China is projected to grow at 4.9 per cent annually till 2026, the US three per cent and France 3.5 per cent.
The top ranking in COI means India has many "unrealised opportunities" to diversify into related, high-value sectors to continue to drive productivity growth and job creation.
"Up to now, that potential remains unrealized, however, as India's complexity has not changed over the past decade. The rapid growth that is predicted is effectively capitalizing on previous gains in complexity," the report added.
It stressed that ensuring the long-run potential of India's economic growth will rely on realizing diversification into related products. The other major challenge will be to ensure the inclusive nature of this productive transformation, as the gains made in new chemical, vehicle and electronics exports are highly concentrated in specific localities of the subcontinent.
"Whether that knowhow can be disseminated into new areas of India will in part determine whether rapid growth can be sustained in the long-term," it said.
Director of CID, professor at Harvard Kennedy School (HKS) and the leading researcher of The Atlas of Economic Complexity, Ricardo Hausmann said that Southeast Asia continues to dominate the global growth landscape, driven by the diversification of economies into complex manufacturing, but the leading countries have shifted within the region, with the Philippines, Vietnam, Indonesia, and Thailand poised to lead growth in the coming decade.
Uganda comes second on the list of the fastest growing economies to 2026, predicted to grow at 7.5 per cent annually.

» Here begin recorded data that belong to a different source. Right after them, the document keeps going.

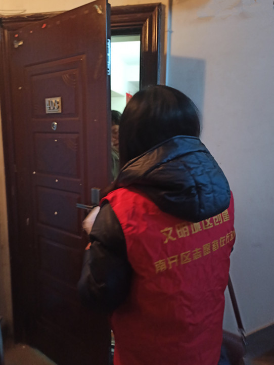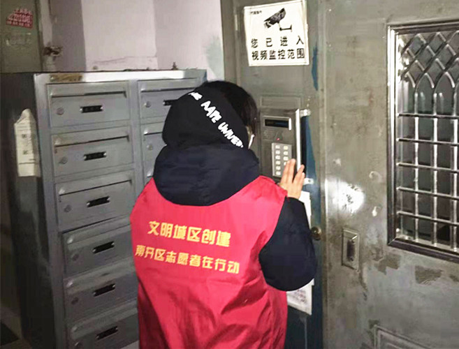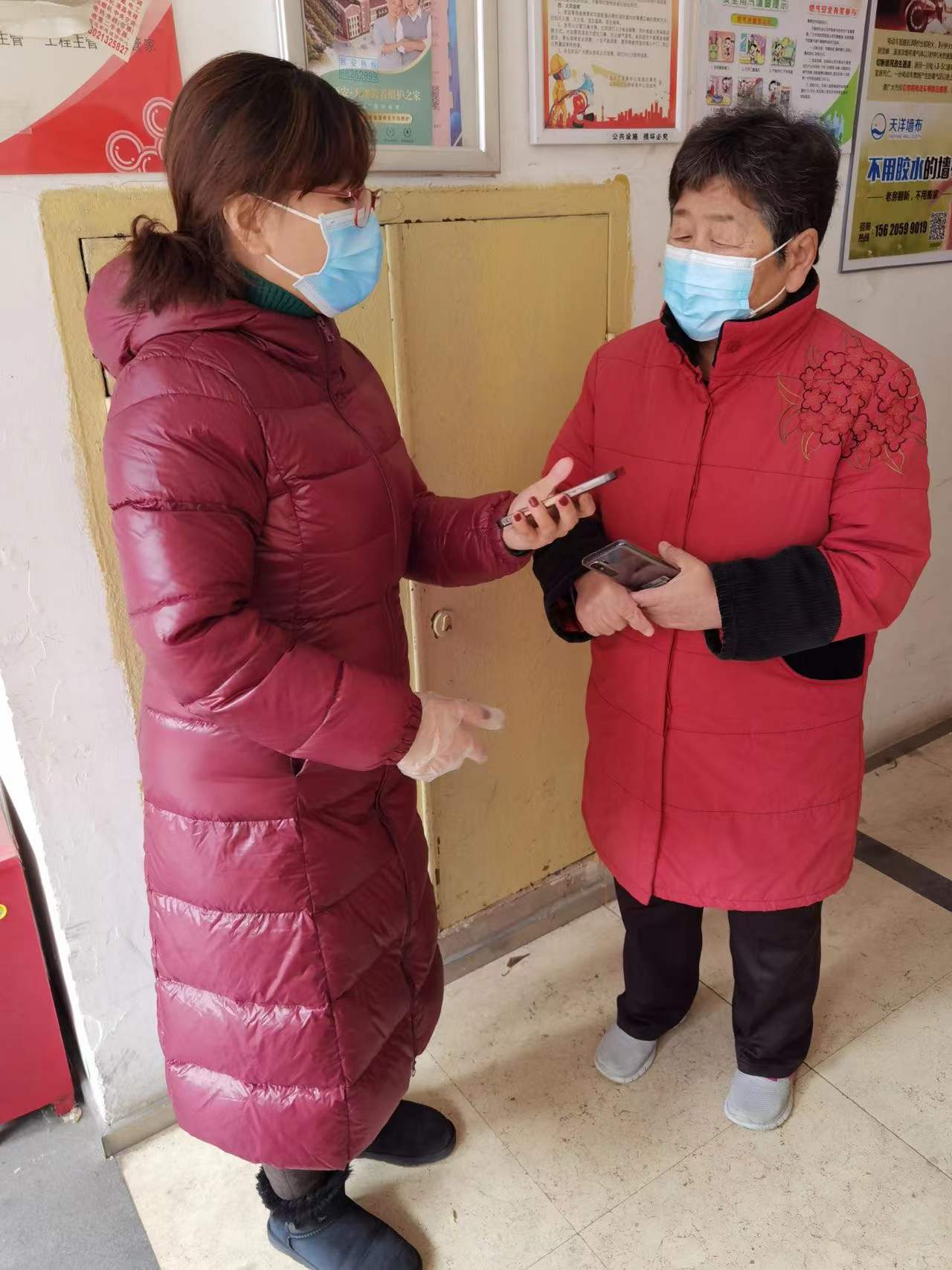 张晓丹,中共党员,新闻与传播教研室教师,在南开区体育中心街道阳光壹佰国际新城社区开展人员和楼宇数据信息采集核对工作。
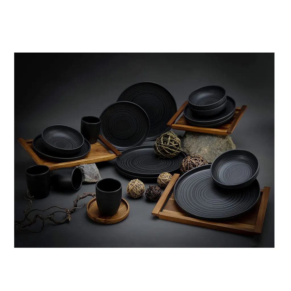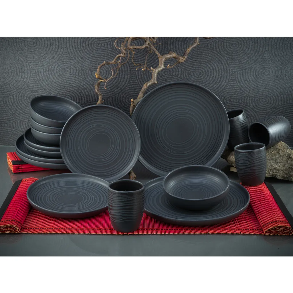 CreaTable 23860 Kombiservice Uno Für 4 Personen, Steinzeug, Schwarz (1 Set, 16-teilig)
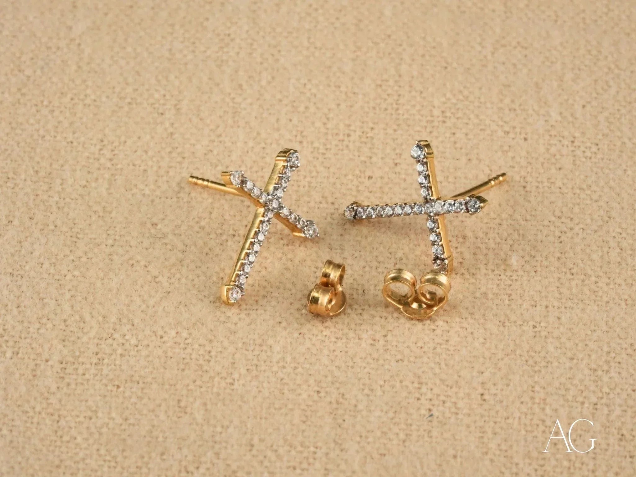 Divine Sparkle: 18k Gold Cross CZ Earrings
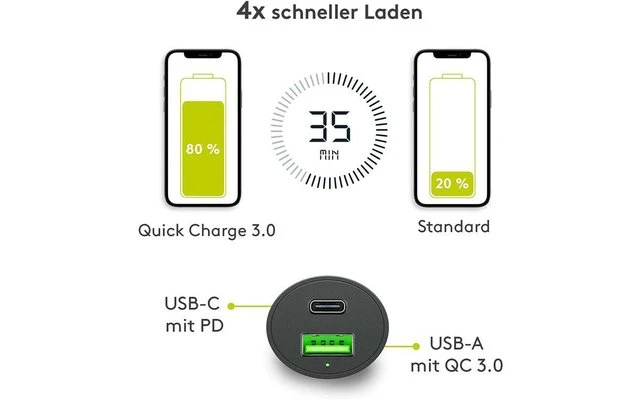 Dual-USB Auto Schnellladegerät USB-C Power Delivery Das Ladgerät im Mini-Format lädt zwei Geräte gleichzeitig am Zigarettenanzünder über USB-A oder USB-C. Lädt bis zu 4x schneller als Standardladegeräte (in 30min. von 0% auf 50%). Schnellladegerät speziell für Apple iPhone und iPad.

The growth projections are based on economic complexity, a single measure of each country's economy which captures the diversity and sophistication of the productive capabilities embedded in a country's exports.
The report further noted that after a decade of growth driven by record oil and commodity prices, the researchers find a landscape that has shifted in favor of more diversified economies. In sub-Saharan Africa, growth is shifting eastward from commodity-driven West Africa to East Africa, with Uganda, Tanzania (4th), and Kenya (10th) in the top 10 predicted fastest growing countries globally for the coming decade.

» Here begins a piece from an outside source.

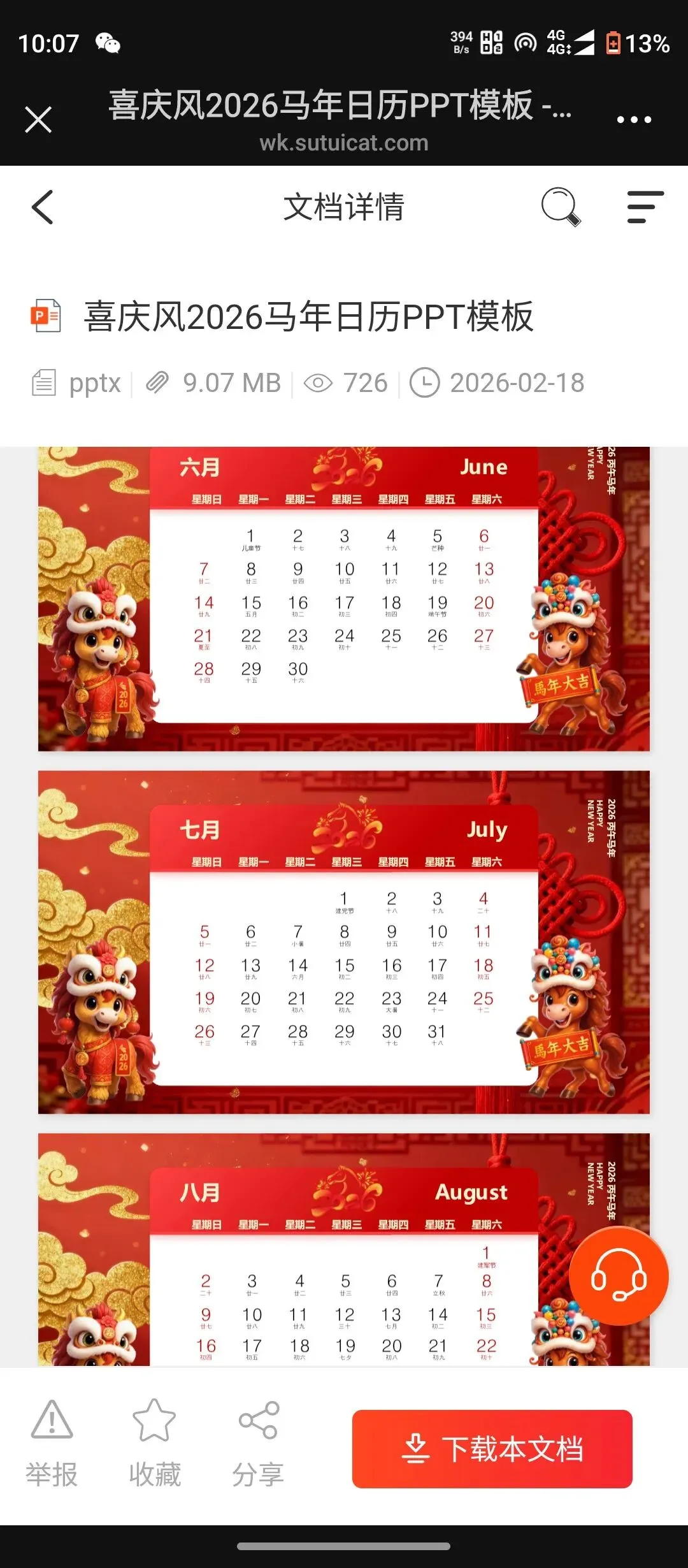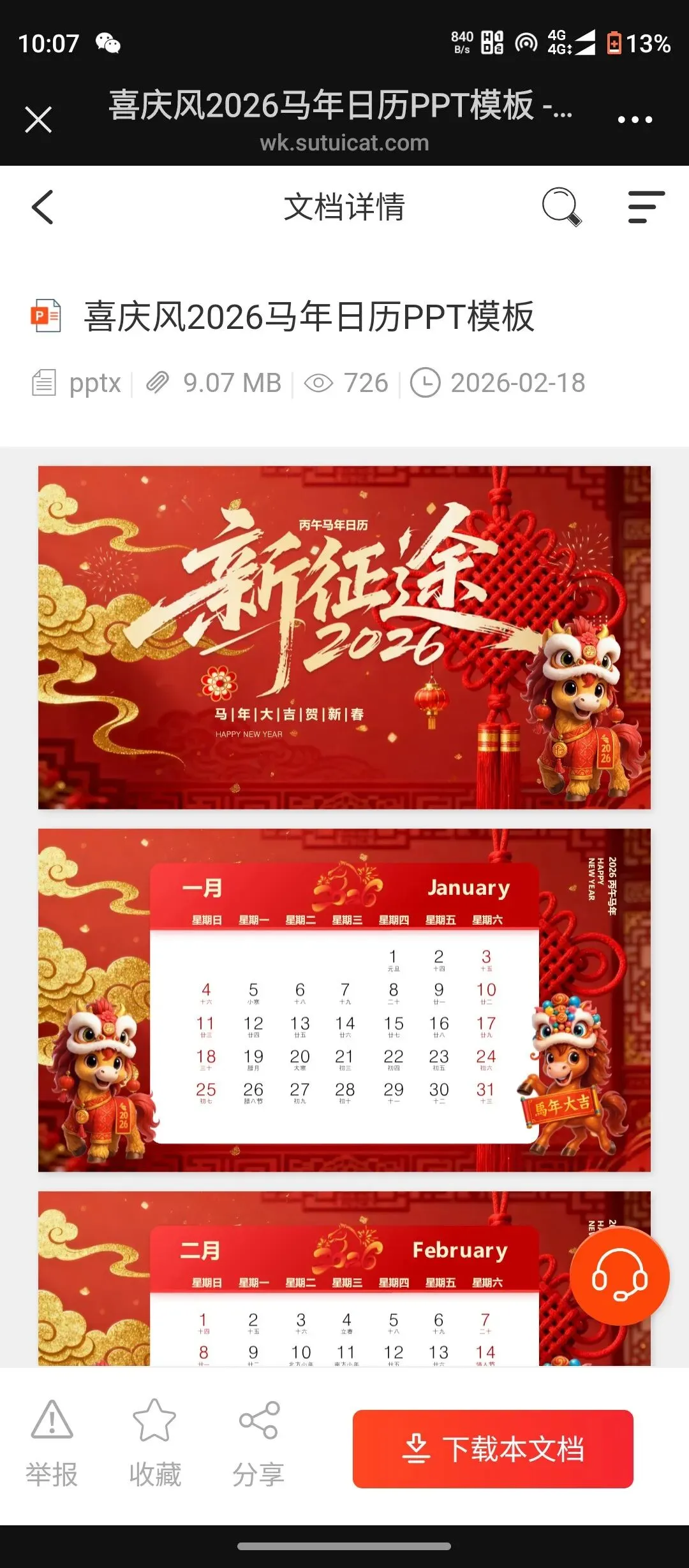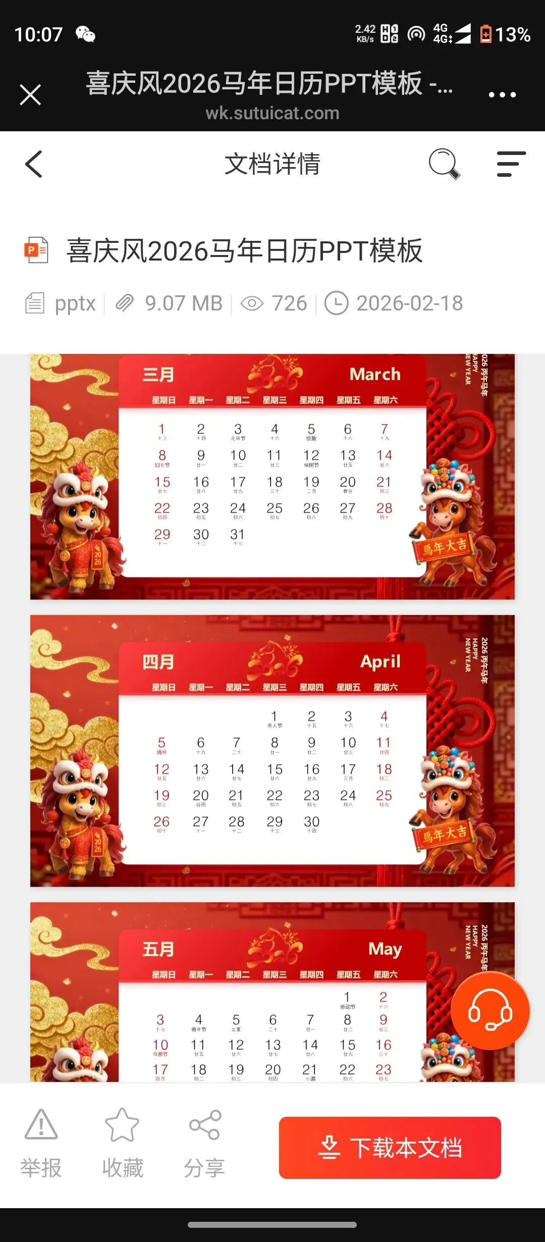>喜庆风2026年马年日历PPT模板

The researchers further point out that many low-income countries, including Bangladesh, Venezuela, and Angola have failed to diversify their knowhow and face low growth prospects.
"Others like India, Turkey, and the Philippines have successfully added productive capabilities to enter new sectors and will drive growth over the coming decade," said Sebastian Bustos, a lead CID researcher in trade and economic complexity methods.